Latino Americans also have lower levels of Islamophobia compared to other ethnic groups, the Institute for Social Policy and Understanding found by interviewing more than 2,000 people of different racial backgrounds and religions.

Latinos interact with American Muslims at school, work and in their neighborhoods; they find common ground in the negative media portrayals of their communities and in their pursuit of the American dream, according another recent ISPU report in collaboration with Latino Decisions and IslamInSpanish.

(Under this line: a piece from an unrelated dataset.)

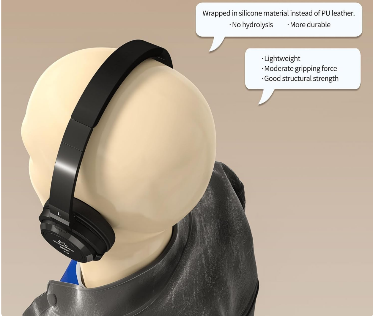
Image: SoundMAGIC P23BT headphones highlighting comfortable and durable design.

In the neighboring city of Bell, Ali Saleh, who is Muslim and of Lebanese descent, serves on the City Council. Lebanese Americans — some who fled civil war in Lebanon — make up a small community in Bell, with more living in Cudahy, Maywood and South Gate. A small population of Palestinians also live in Bell and in nearby towns.

With only about 22,000 residents, Cudahy is no stranger to making headlines.

Hundreds of Cudahy residents expressed outrage Friday over the Delta jet fuel dump, seen as part of a pattern of environmental injustice against the area.

The city made national news in January 2020 when a Shanghai-bound Delta plane dumped fuel over multiple schools while making an emergency landing at LAX, injuring children and teachers.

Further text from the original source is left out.